### What to produce
Type out the lines below exactly, from the first through the line holding "Tepláky v jednoduchom", and include no pictures.

### Data shown
* * * * * * *
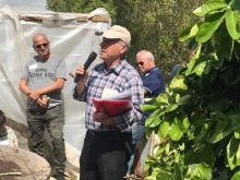 במפגש קבוצת גינון בביתו של אבי אלימלך, הירצה נדים על כנימות עלה.
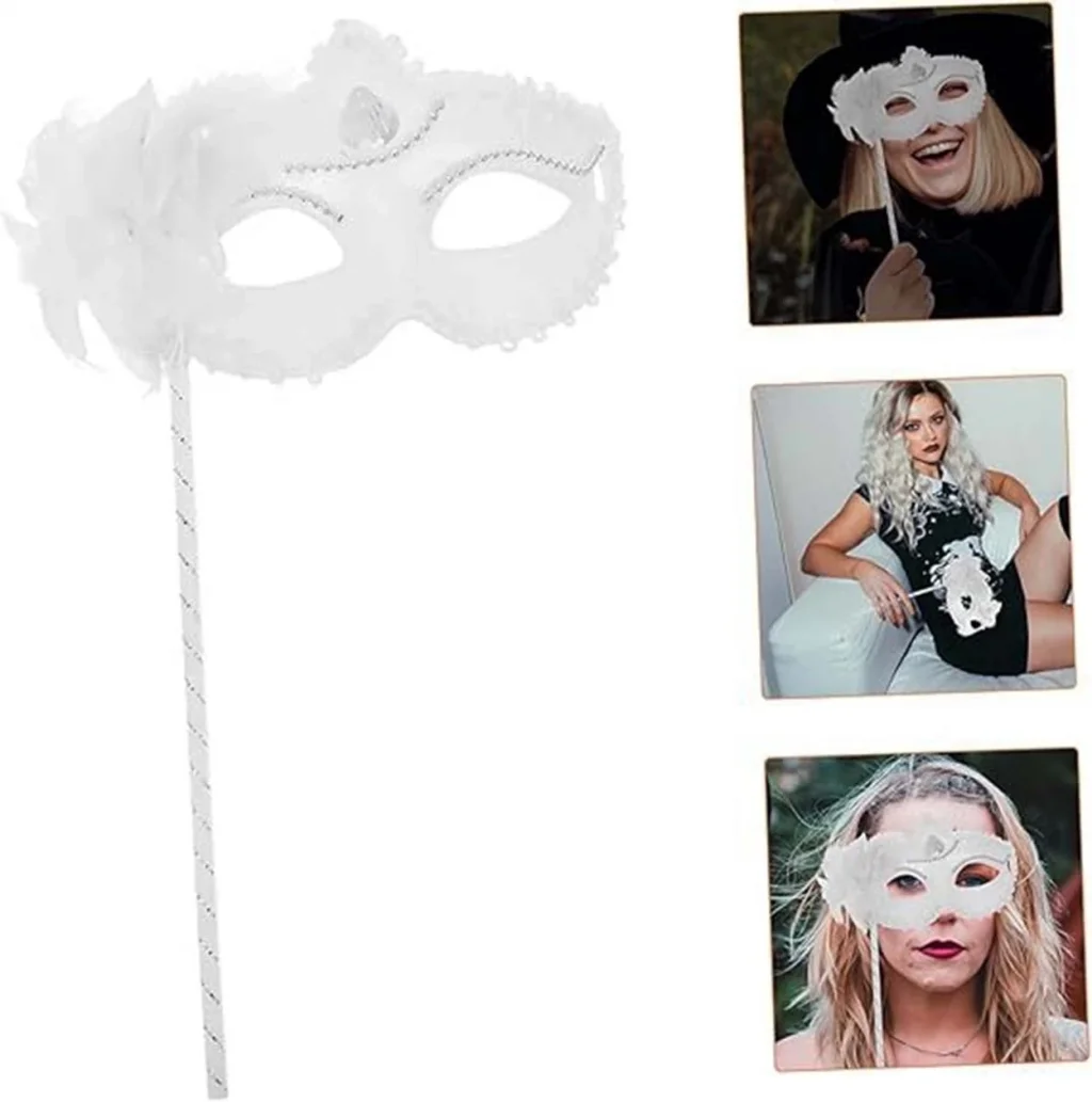 Beyaz ışıltılı tutmalı fotoğraf çekimi maskesi, fotoğraf çekimlerinize eğlence ve ışıltı katacak harika bir aksesuardır. Bu maske ile unutulmaz anılar biriktirebilir ve fotoğraflarınızı daha özel hale getirebilirsiniz.
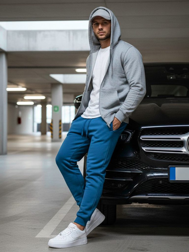 Tepláky v jednoduchom prevedení sú vyrobené z mäkkého a príjemného materiálu. Pás i spodná časť je ukončená lemom. V páse sa nachádza šnúrka, pomocou ktorej je možné regulovať veľkosť v prípade potreby. Súčasťou modelu sú dve predné vrecká. Tepláky sú pohodlné a ideálne na každodenné nosenie.
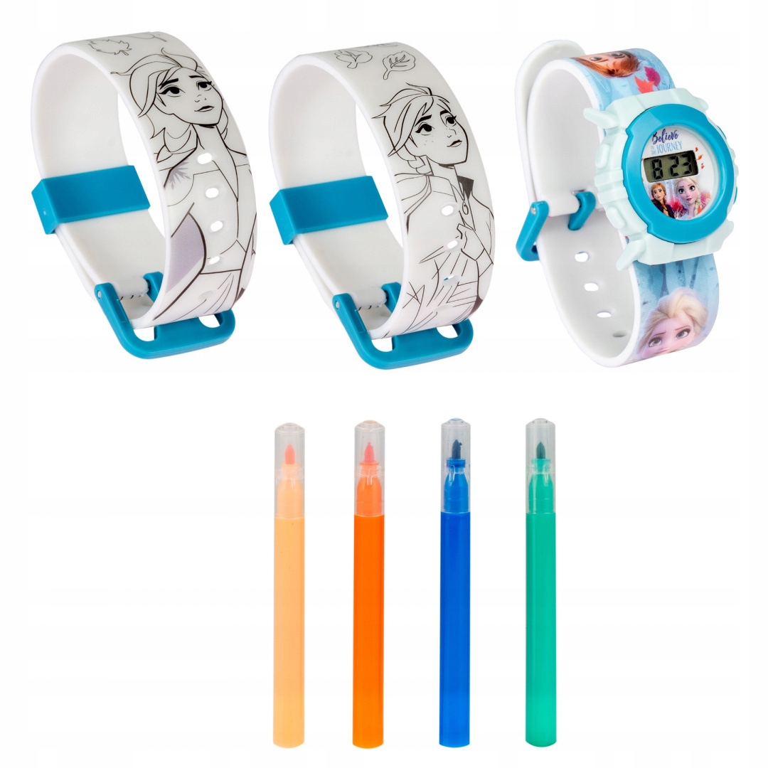 - Набор включает в себя часы, четыре красочных маркера и три полосы.
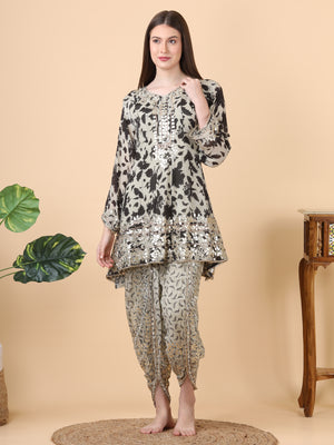 Introducing our elegant black peplum-style outfit, paired with a graceful dhoti salwar and a matching dupatta. This ensemble perfectly blends traditional charm with contemporary flair, making it a timeless addition to your wardrobe. Ideal for festive occasions and celebrations, it promises to make you stand out with its sophisticated silhouette and stunning details.
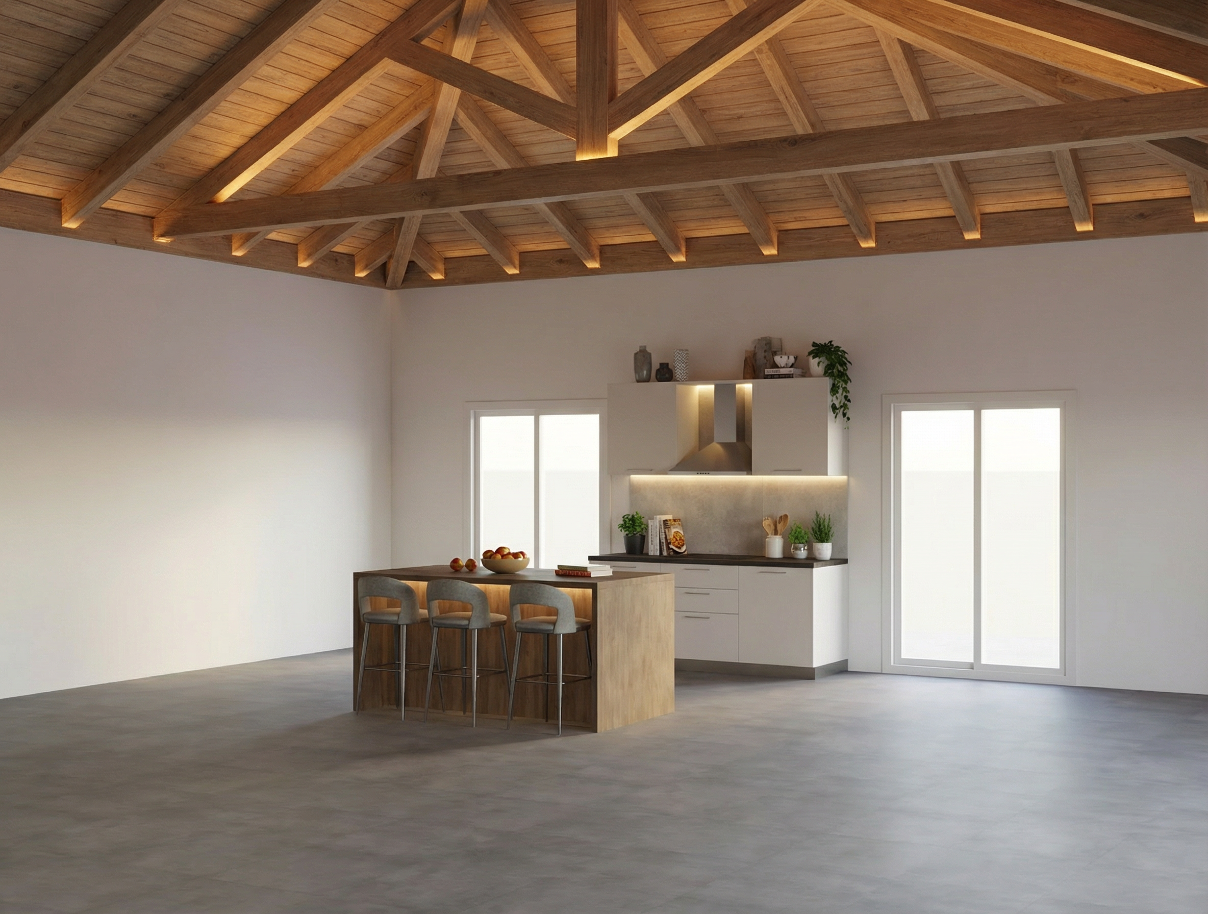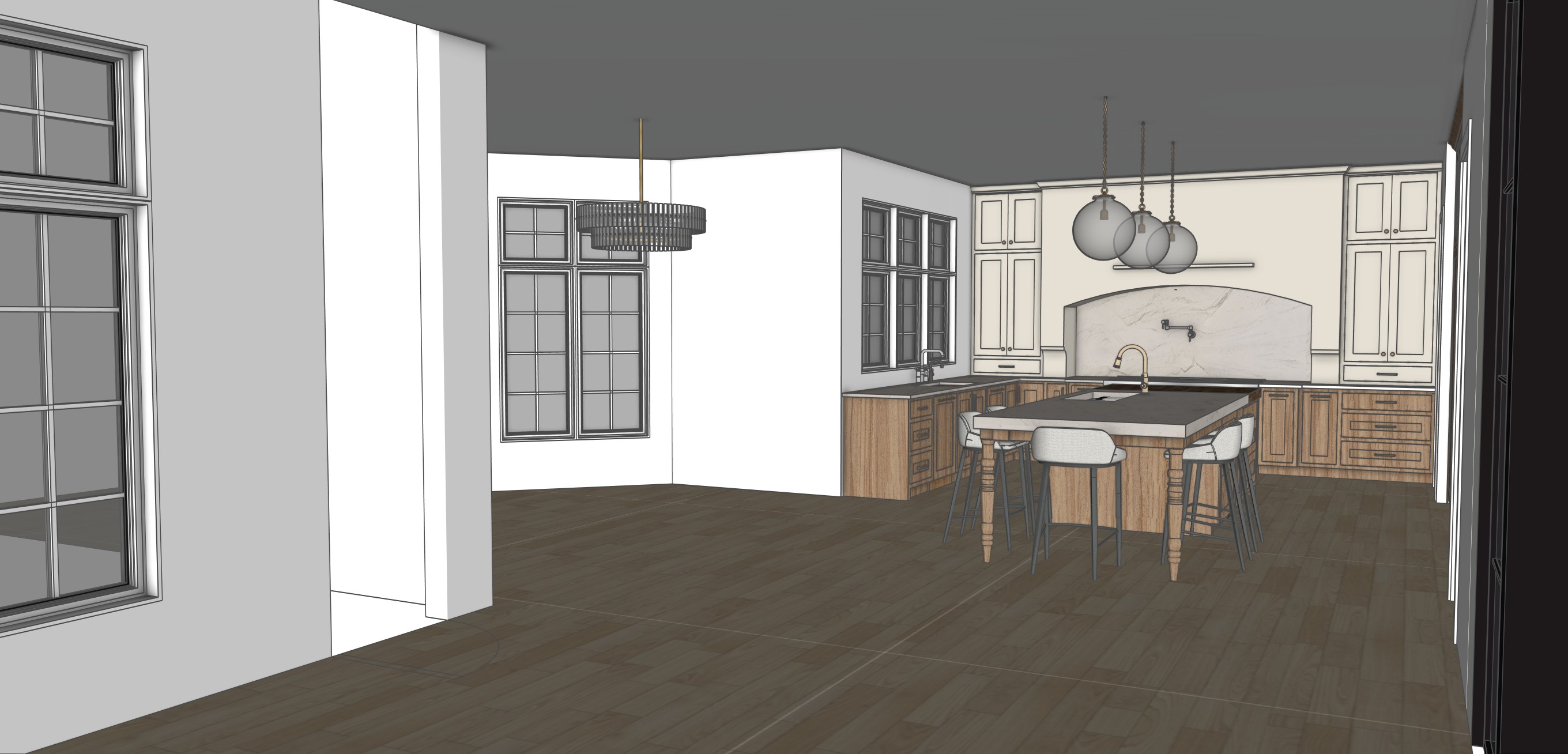 ultra realistic kitchen rendering based on a sketchup model realistic cabinetry materials soft beige painted range hood and hutches crystallo quartzite countertops with subtle veining accurate texture scale white oak floors with subtle wear and color variation matte painted walls with slight texture realistic fabric upholstery with visible weave physically accurate reflections and shadows soft indirect light global illumination professional interior photography crisp edges high detail clean modern aesthetic full frame camera 28mm lens
* * * * * * *
### Reply to the task
 במפגש קבוצת גינון בביתו של אבי אלימלך, הירצה נדים על כנימות עלה.
 Beyaz ışıltılı tutmalı fotoğraf çekimi maskesi, fotoğraf çekimlerinize eğlence ve ışıltı katacak harika bir aksesuardır. Bu maske ile unutulmaz anılar biriktirebilir ve fotoğraflarınızı daha özel hale getirebilirsiniz.
 Tepláky v jednoduchom prevedení sú vyrobené z mäkkého a príjemného materiálu. Pás i spodná časť je ukončená lemom. V páse sa nachádza šnúrka, pomocou ktorej je možné regulovať veľkosť v prípade potreby. Súčasťou modelu sú dve predné vrecká. Tepláky sú pohodlné a ideálne na každodenné nosenie.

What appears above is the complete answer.